If only he had a top hat. He'd be the most dapper man(if tech-priests can be called that anymore) on the whole battlefield. I kind of want to get him and put out one of the lenses so it looks like he has a monocle as well. Ahh, what am I saying, I'm going to get him and then he will look like he has a monocle.


----------



## bitsandkits (Mar 18, 2008)

have to admit the more i see the more impressed i am, if the sales are anything to go by (skitarii rangers sold out pretty much everywhere) GW will be quick to add more further down the line ad hopefully this army will give them the confidence to look at other possible armies like exodite eldar,demiurge,stealer cults or god forbid nuns with guns :wink:
these new admech and the new knight almost make up for the sham of a sham eldar release we had last week.


----------



## Lord of the Night (Nov 18, 2009)

bitsandkits said:


> Hopefully this army will give them the confidence to look at other possible armies like Exodite Eldar, Demiurg, 'stealer cults, or god-forbid nuns with guns :wink:


I know what i'd vote for. The Hrud. Or maybe the Rak'Gol from Dark Heresy.


LotN


----------



## GuiltySparc (Dec 29, 2014)

so is the idea here that you would play both Skitarii and Cult units in the same army since each only has a handful of units by themselves?


----------



## Lord of the Night (Nov 18, 2009)

GuiltySparc said:


> So is the idea here that you would play both Skitarii and Cult units in the same army since each only has a handful of units by themselves?


Either that or as small ally forces to larger Imperial armies like the Space Marines and Imperial Guard.


LotN


----------



## Loli (Mar 26, 2009)

Lord of the Night said:


> Either that or as small ally forces to larger Imperial armies like the Space Marines and Imperial Guard.
> 
> 
> LotN


Screw that, my Ad Mech shall be going solo.


----------



## otasolgryn (May 31, 2014)

hmm the last guy poster is AWESOME

its JUST what i pictured these guys as.

the rest are WAY to much in the 80s movies.
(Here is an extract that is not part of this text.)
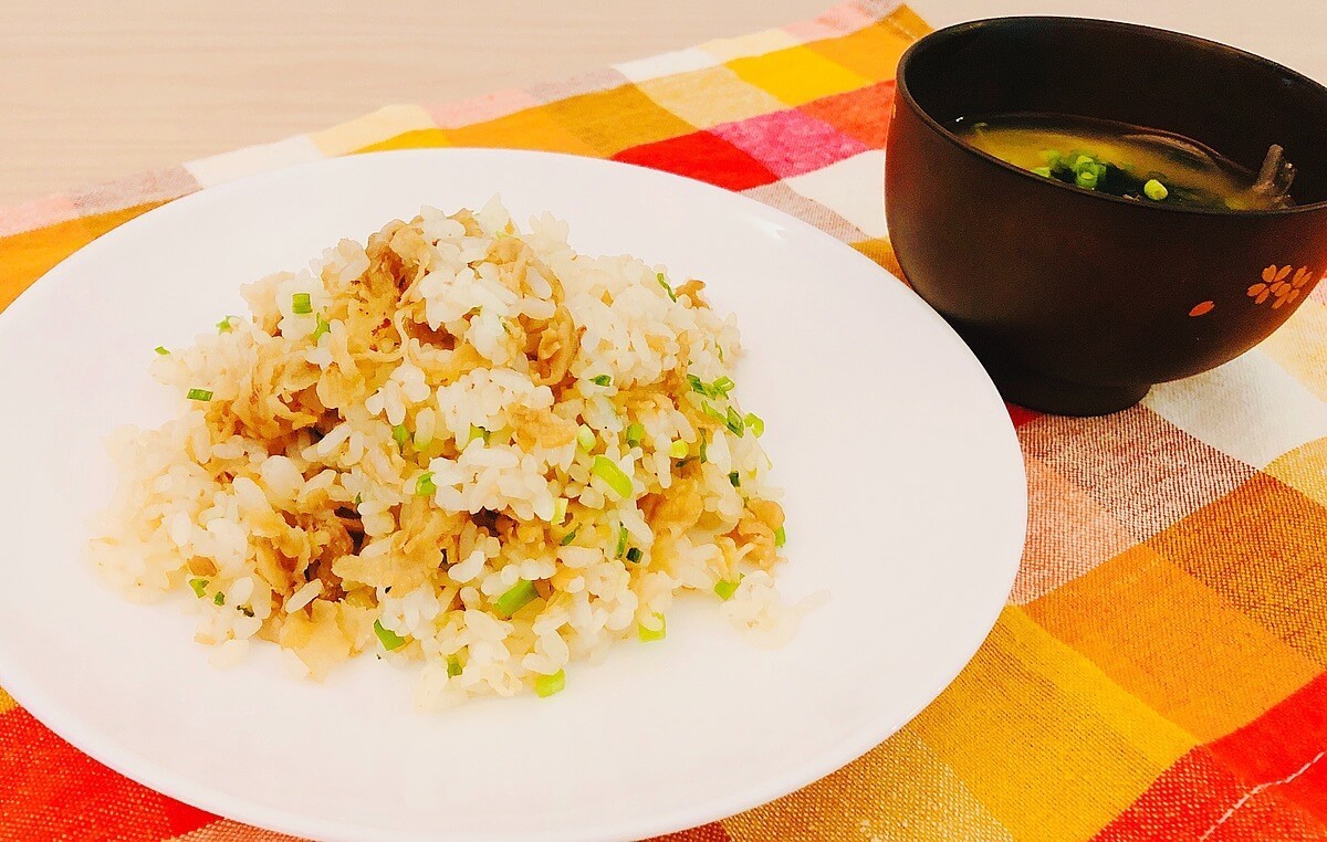 ② ごはんがバラバラになったら豚肉と生姜の炒め煮を入れてさらに炒め、最後に葱と醤油を加えて軽く炒めたら完成です。

i have managed to forget that decade, with alot of counculing, no setback please!


----------



## Lord of the Night (Nov 18, 2009)

Loli said:


> Screw that, my Ad Mech shall be going solo.


As are mine. The armies of Forge World Triplex Phall will march soon, and in force.


LotN


----------



## R_Squared (Mar 24, 2013)

venomlust said:


>


I'm sorry, but to me, I think these look great. I play Orks, and have been pondering a second army. It may be AM, if these are what they are putting out.


----------



## Mossy Toes (Jun 8, 2009)

R_Squared said:


> It may be AM, if these are what they are putting out.


Astra Militarum? How intriguing...

(being deliberately thick here, don't worry. Though I'm sure that'll cause no end of confusion, down the line... it's either stick to calling Astra Militarum the IG, or call this new force the Mechanicus...)


----------



## Roganzar (Feb 16, 2014)

Loli said:


> Screw that, my Ad Mech shall be going solo.


Ad Mech + Mechanicus dedicated Knight is my path for my Forge World.


----------



## Einherjar667 (Aug 23, 2013)

My Ad Mech are of Ryza, and allied with plasma heavy AM (Tank commander and 2 vet squads, and two Wyverns) with a Knight leading the charge.

I'll be adding all but the priests probably, not that I don't like them, but I'm more intreagued by the other kits, even the robots.


----------



## Bindi Baji (Apr 23, 2009)

To paraphrase a little,



> I feel a great disturbance in my wallet


----------



## Vorag of Strigos (Feb 25, 2009)

They look like something the combine would have come up with if they were short on supplies and very drunk.


----------



## Loli (Mar 26, 2009)

I've waited for 40k Mechanicum since I entered the hobby in 2006/7. And I've had the same Avatar here since I joined back when all I could do was wish for this. Guess I need to change my Avatar now. 

All I need now is Sisters and I'm in a state of eternal bliss.


----------



## ntaw (Jul 20, 2012)

Looks like a video from GW snuck past this thread. Video confirmation that this is coming out for pre-order in some faculty on Saturday.


----------



## Roganzar (Feb 16, 2014)

ntaw said:


> Looks like a video from GW snuck past this thread. Video confirmation that this is coming out for pre-order in some faculty on Saturday.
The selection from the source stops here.